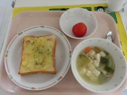 たまねぎ・じゃがいも・ベーコン・マヨネーズ……鉄板の組み合わせをトーストにのせて、さらにチーズをかけて焼きあげたポテマヨトーストは、子どもたちに大人気!おかわりじゃんけんをしているクラスもありました。
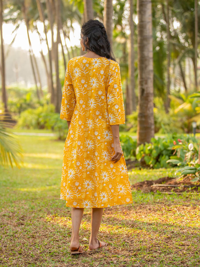 Sweetheart Organic Cotton Block Printed Tiered Dress
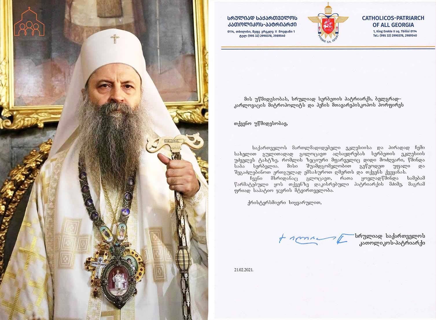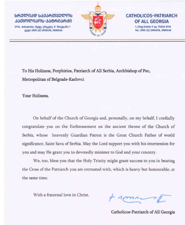 Συγχαρητήρια επιστολή προς τον Μακαριώτατο Πατριάρχη Σερβίας κ.κ. Πορφύριο με την ευκαιρία της ενθρονίσεως του στον Πατριαρχικό θρόνο του Αγίου Σάββα, απέστειλε ο Μακαριώτατος Πατριάρχης Γεωργίας κ.κ. Ηλίας Β’.
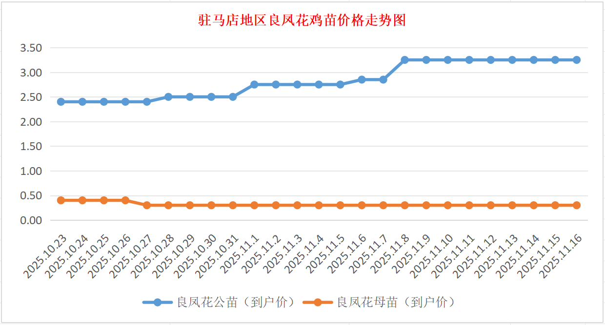 11月16日驻马店地区良凤花、岭南黄鸡苗价格行情
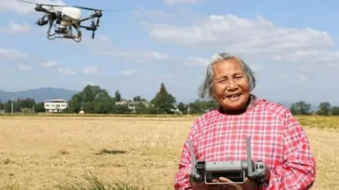 คุณยายสุดเจ๋งใช้โดรนให้ปุ๋ยพืชผลทั่วไร่ผลไม้
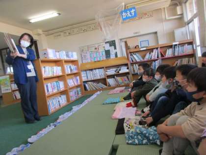 【1年生】図書室の時間 公開日 2021/04/30 更新日 2021/04/30 1年生 図書室の時間の様子です。最初の頃に比べて、自分の読みたい本を的確に選べるようになってきました。読み聞かせも楽しんで聞いていました。
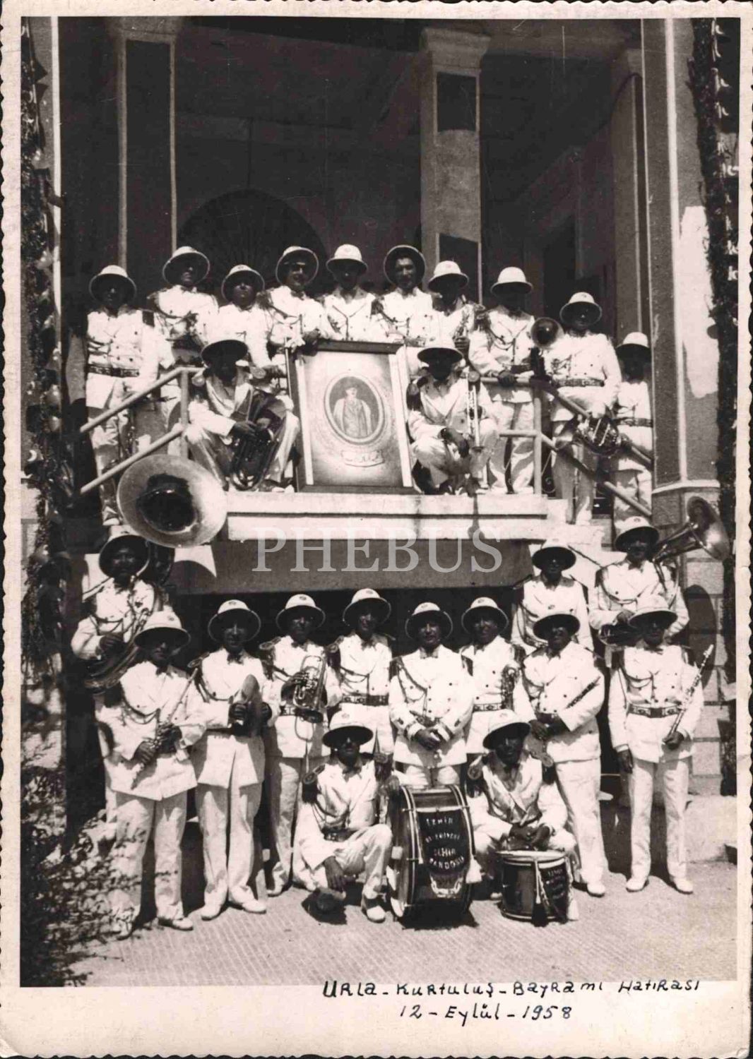 "İzmir Belediyesi Şehir Bandosu" Kurtuluş Bayramı münasebetiyle Urla´da, 12 Eylül 1958, 14x20 cm
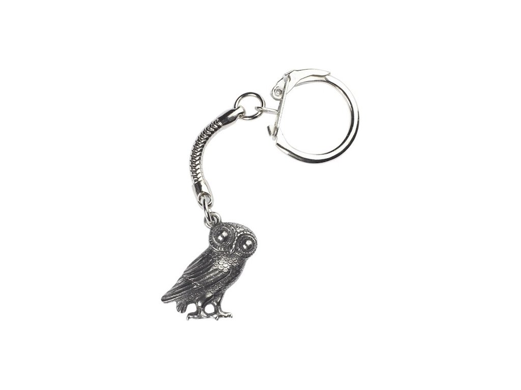 Cínová kľúčenka grécka sova, symbol bohyne Atény sa dodáva s kvalitným krúžkom na kľúče.
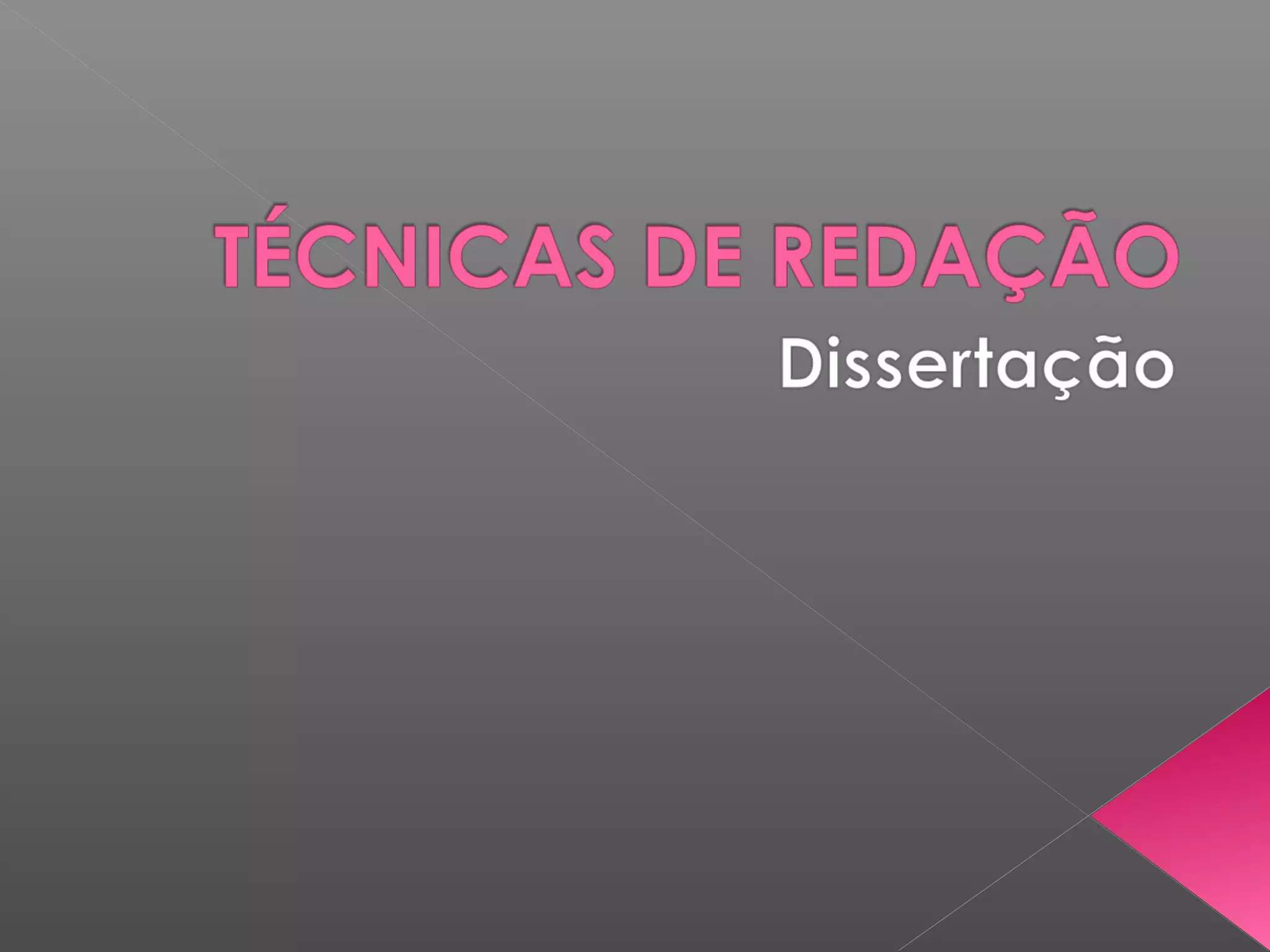 O documento discute o que é uma dissertação, definindo-a como a apresentação de ideias e argumentos por meio da organização de palavras e textos. Explica que existem duas tipos de dissertação - expositiva, que expõe ideias, e argumentativa, que busca persuadir. Também descreve a estrutura tradicional de uma dissertação, incluindo introdução, desenvolvimento e conclusão.
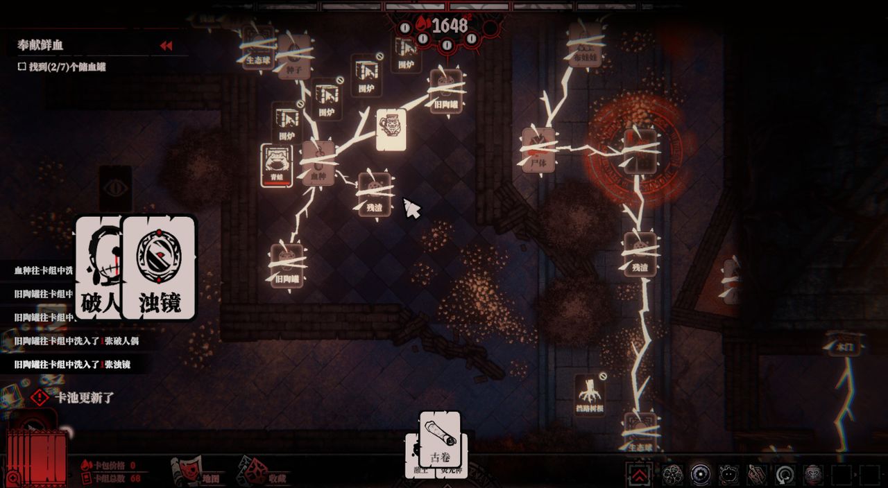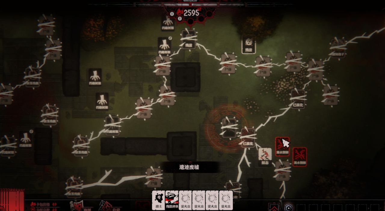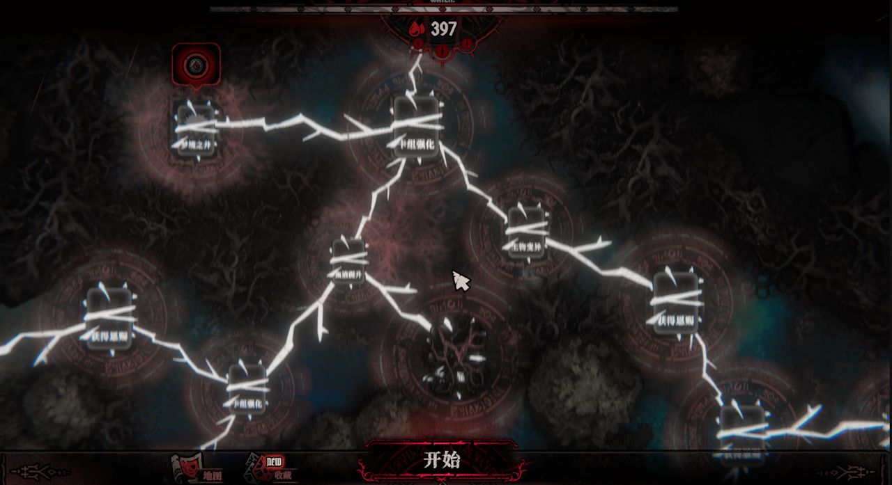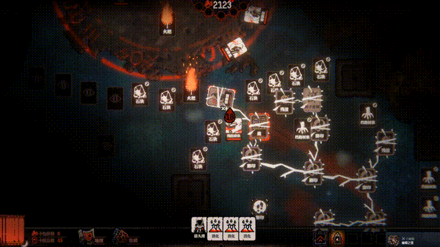 本质上,游戏内也包含较为丰富的卡牌构筑系统,但由于该作并非Rogue品类,也没三选一。想要在当前游戏局的卡包中解锁更多丰富的卡牌,就需要继续探索,与各种奖励点进行互动,如果实、祭坛、苗床等。
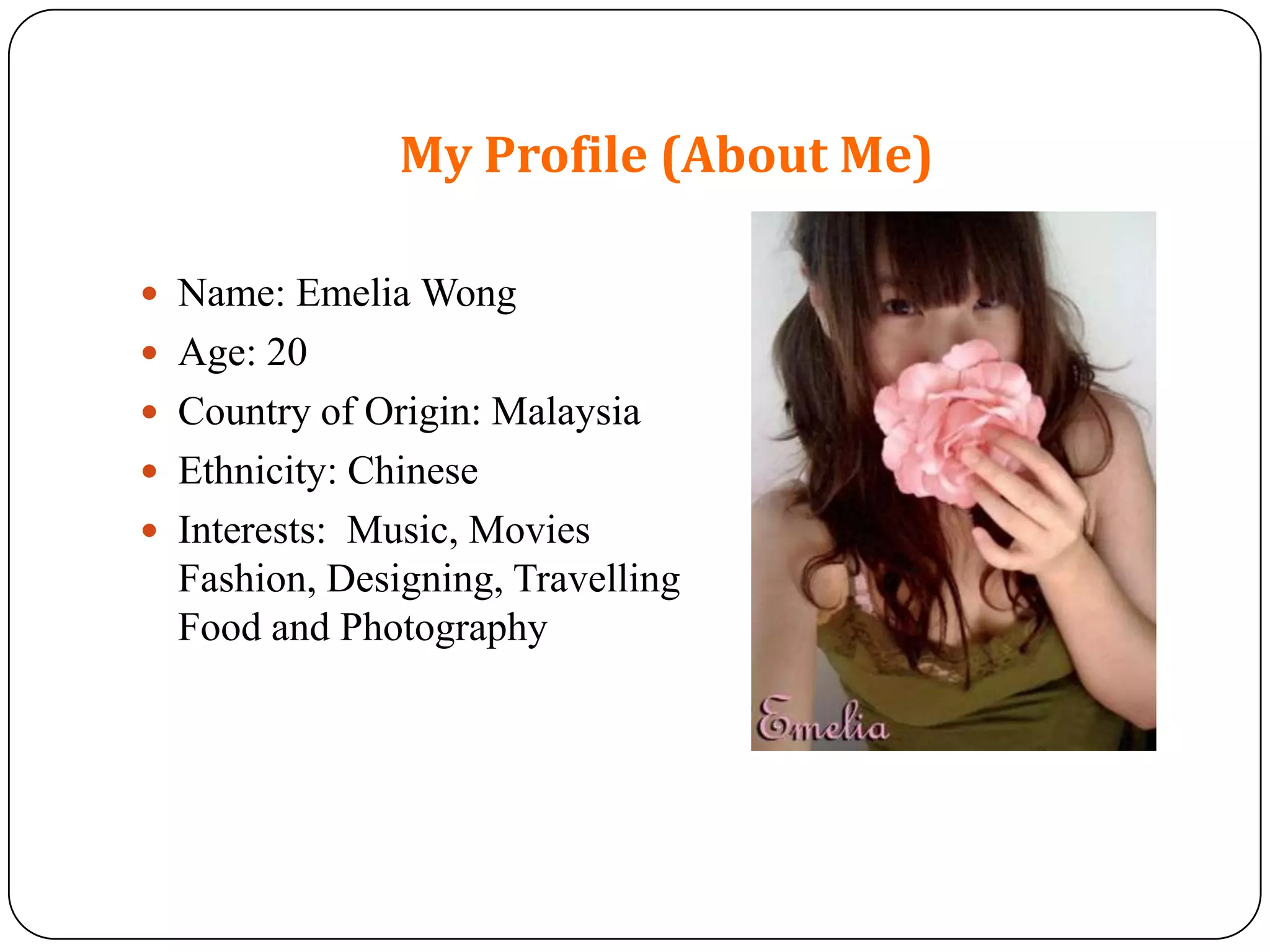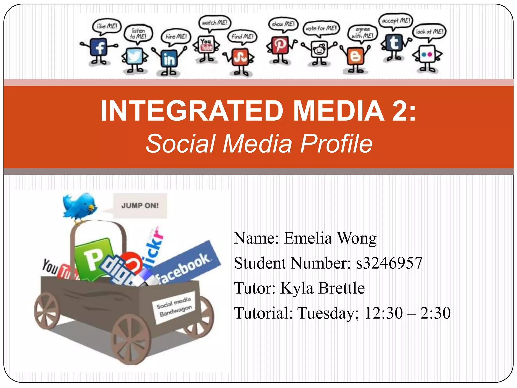 Emelia Wong is creating an integrated social media profile to showcase herself as a public relations practitioner. Her profile includes personal accounts on Facebook, Twitter, Instagram and Pinterest that display her interests in music, movies, fashion, food and photography. She also has professional accounts on LinkedIn and ABC Pool to highlight her work experiences and portfolio. Emelia aims to portray a creative, positive personality and use various social media platforms cohesively to gain recognition from potential employers.
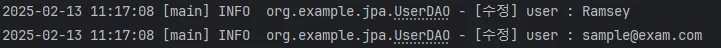 - log.info() 사용으로 DB에 저장, 수정, 삭제되는 과정 확인 가능
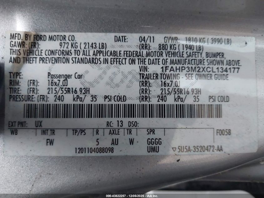 Колір СрібнийЦиліндри 4Привід Передній привідVIN 1FAHP3M2XCL134177Стан Заводиться та їде (перевірено)Ушкодження Передня права AutoRIA
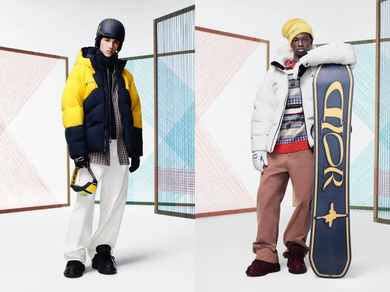 本次合作系列以運動休閒為靈感,結合舒適的寬鬆剪裁和實用機能,完美融和Dior的時尚美學、日本DESCENT的滑雪服技術,還有來自西非布吉納法索的傳統織工,呈現出一場跨文化的時尚對話。服裝設計選用 Dior 經典花呢布料,搭配非洲風情的編織細節,以及丹寧、針織衫和毛絨單品,既挺拔又帶有柔順垂墜感。部分單品使用有機或回收材質,將永續與風格兼顧,滑雪服更特別為寒冷氣候設計,實用又保暖。配件同樣別具亮點,從瑞典POC的高科技裝備到 Dior工坊打造的毛帽、滑雪手套、雪地德比鞋等,每一件都兼具功能性與時尚感。
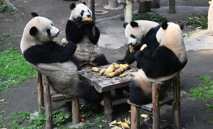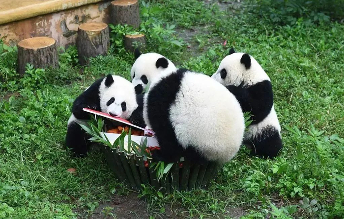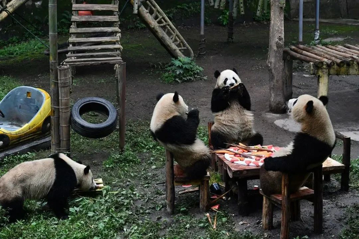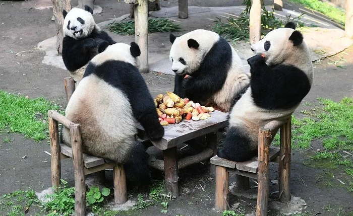 2022年6月10日,重庆动物园,“双双”“重重”“喜喜”“庆庆”在当日为他们举办的3周岁生日会上围坐一圈享用美食。IC 图

§ **Aim of the task**
Write the material out again exactly. Skip each picture.

§ **Result of this task**
 たまねぎ・じゃがいも・ベーコン・マヨネーズ……鉄板の組み合わせをトーストにのせて、さらにチーズをかけて焼きあげたポテマヨトーストは、子どもたちに大人気!おかわりじゃんけんをしているクラスもありました。
 Sweetheart Organic Cotton Block Printed Tiered Dress
 Συγχαρητήρια επιστολή προς τον Μακαριώτατο Πατριάρχη Σερβίας κ.κ. Πορφύριο με την ευκαιρία της ενθρονίσεως του στον Πατριαρχικό θρόνο του Αγίου Σάββα, απέστειλε ο Μακαριώτατος Πατριάρχης Γεωργίας κ.κ. Ηλίας Β’.
 11月16日驻马店地区良凤花、岭南黄鸡苗价格行情
 คุณยายสุดเจ๋งใช้โดรนให้ปุ๋ยพืชผลทั่วไร่ผลไม้
 【1年生】図書室の時間 公開日 2021/04/30 更新日 2021/04/30 1年生 図書室の時間の様子です。最初の頃に比べて、自分の読みたい本を的確に選べるようになってきました。読み聞かせも楽しんで聞いていました。
 "İzmir Belediyesi Şehir Bandosu" Kurtuluş Bayramı münasebetiyle Urla´da, 12 Eylül 1958, 14x20 cm
 Cínová kľúčenka grécka sova, symbol bohyne Atény sa dodáva s kvalitným krúžkom na kľúče.
 O documento discute o que é uma dissertação, definindo-a como a apresentação de ideias e argumentos por meio da organização de palavras e textos. Explica que existem duas tipos de dissertação - expositiva, que expõe ideias, e argumentativa, que busca persuadir. Também descreve a estrutura tradicional de uma dissertação, incluindo introdução, desenvolvimento e conclusão.
 本质上,游戏内也包含较为丰富的卡牌构筑系统,但由于该作并非Rogue品类,也没三选一。想要在当前游戏局的卡包中解锁更多丰富的卡牌,就需要继续探索,与各种奖励点进行互动,如果实、祭坛、苗床等。
 Emelia Wong is creating an integrated social media profile to showcase herself as a public relations practitioner. Her profile includes personal accounts on Facebook, Twitter, Instagram and Pinterest that display her interests in music, movies, fashion, food and photography. She also has professional accounts on LinkedIn and ABC Pool to highlight her work experiences and portfolio. Emelia aims to portray a creative, positive personality and use various social media platforms cohesively to gain recognition from potential employers.
 - log.info() 사용으로 DB에 저장, 수정, 삭제되는 과정 확인 가능
 Колір СрібнийЦиліндри 4Привід Передній привідVIN 1FAHP3M2XCL134177Стан Заводиться та їде (перевірено)Ушкодження Передня права AutoRIA
 本次合作系列以運動休閒為靈感,結合舒適的寬鬆剪裁和實用機能,完美融和Dior的時尚美學、日本DESCENT的滑雪服技術,還有來自西非布吉納法索的傳統織工,呈現出一場跨文化的時尚對話。服裝設計選用 Dior 經典花呢布料,搭配非洲風情的編織細節,以及丹寧、針織衫和毛絨單品,既挺拔又帶有柔順垂墜感。部分單品使用有機或回收材質,將永續與風格兼顧,滑雪服更特別為寒冷氣候設計,實用又保暖。配件同樣別具亮點,從瑞典POC的高科技裝備到 Dior工坊打造的毛帽、滑雪手套、雪地德比鞋等,每一件都兼具功能性與時尚感。
 2022年6月10日,重庆动物园,“双双”“重重”“喜喜”“庆庆”在当日为他们举办的3周岁生日会上围坐一圈享用美食。IC 图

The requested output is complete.